Now, six months into the university's Ebola experience, Emory is established as an international leader in clinical care and research related to the virus, while all nine schools that make up the university have joined together for an in-depth educational response.

"Emory is committed to knowledge in the service of humanity," says Sita Ranchod-Nilsson, director of Emory's Institute for Developing Nations, who is co-chairing a semester-long, multidisciplinary forum on Ebola that began Jan. 26. "Here we have an opportunity to cross disciplinary boundaries, and also boundaries that often separate professional fields, to address a health crisis in West Africa that has truly global implications for all of humanity."

From clinical care to classroom discussions, the university-wide response to Ebola "has allowed us to share who we are with the world," notes Provost Claire Sterk.

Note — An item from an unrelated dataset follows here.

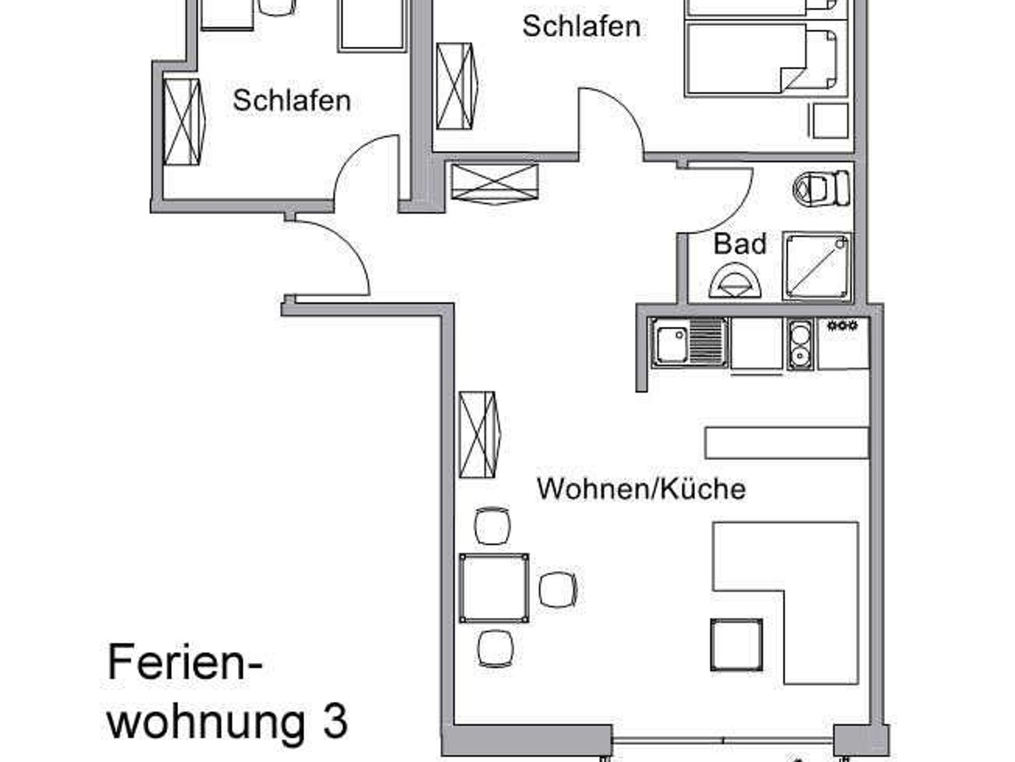 Die 57 m² große Nichtraucher- Ferienwohnung 3 mit eigenem PKW- Stellplatz befindet sich im ersten Obergeschoss des Haupthauses und verfügt über einen offenen Wohnraum mit einer modernen Küchenzeile, einem gemütlichen Wohnbereich mit Sofa und Sessel, einem integrierten Essbereich, zwei Schlafzimmer (ein Doppel-, ein Einzelbett) zur kühleren Waldseite sowie ein Bad mit Dusche und WC. Vom Balkon haben Sie einen herrlichen Blick über den Dreier See; aber auch wenn das Wetter einmal nicht so schön sein sollte, werden Sie sich in den freundlich eingerichteten, lichtdurchfluteten Räumen wohlfühlen.

"We are a community that, yes, has the courage and expertise to respond to this epidemic across a broad range of disciplines, but more importantly, we are a community that cares."

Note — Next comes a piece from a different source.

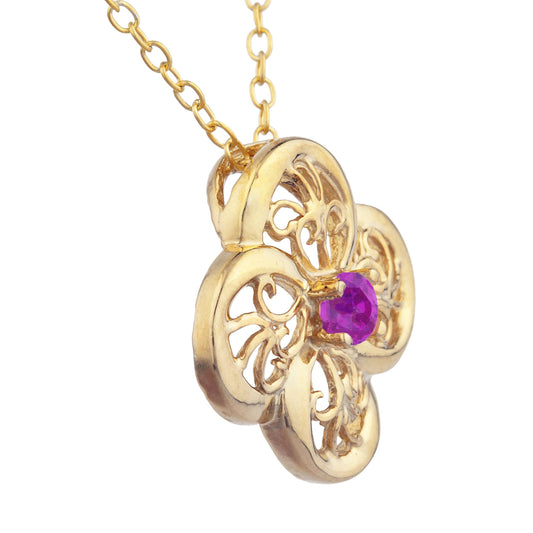 14Kt Gold Created Ruby Clover Design Pendant Necklace

Coming together as an intellectual community

In perhaps the broadest example of Emory's academic response to Ebola, the nine schools that make up the university are uniting this semester to offer an extensive forum to explore the impact of Ebola virus disease on public health, policy, law, ethics, government, development, religion and more. The Ebola Faculty and Community Forum runs through April 13.

"Emory has a wealth of expertise in health care but also in the liberal arts, and particularly in African studies," says Pamela Scully, director of the Center for Faculty Development and Excellence, assistant vice provost for academic innovation, and professor of African studies and women's, gender and sexuality studies.

Scully, whose scholarship includes studying Liberia, one of the countries hardest hit in the current epidemic, serves as co-chair of the forum with Ranchod-Nilsson and Deborah Bruner, Robert W. Woodruff Chair in Nursing.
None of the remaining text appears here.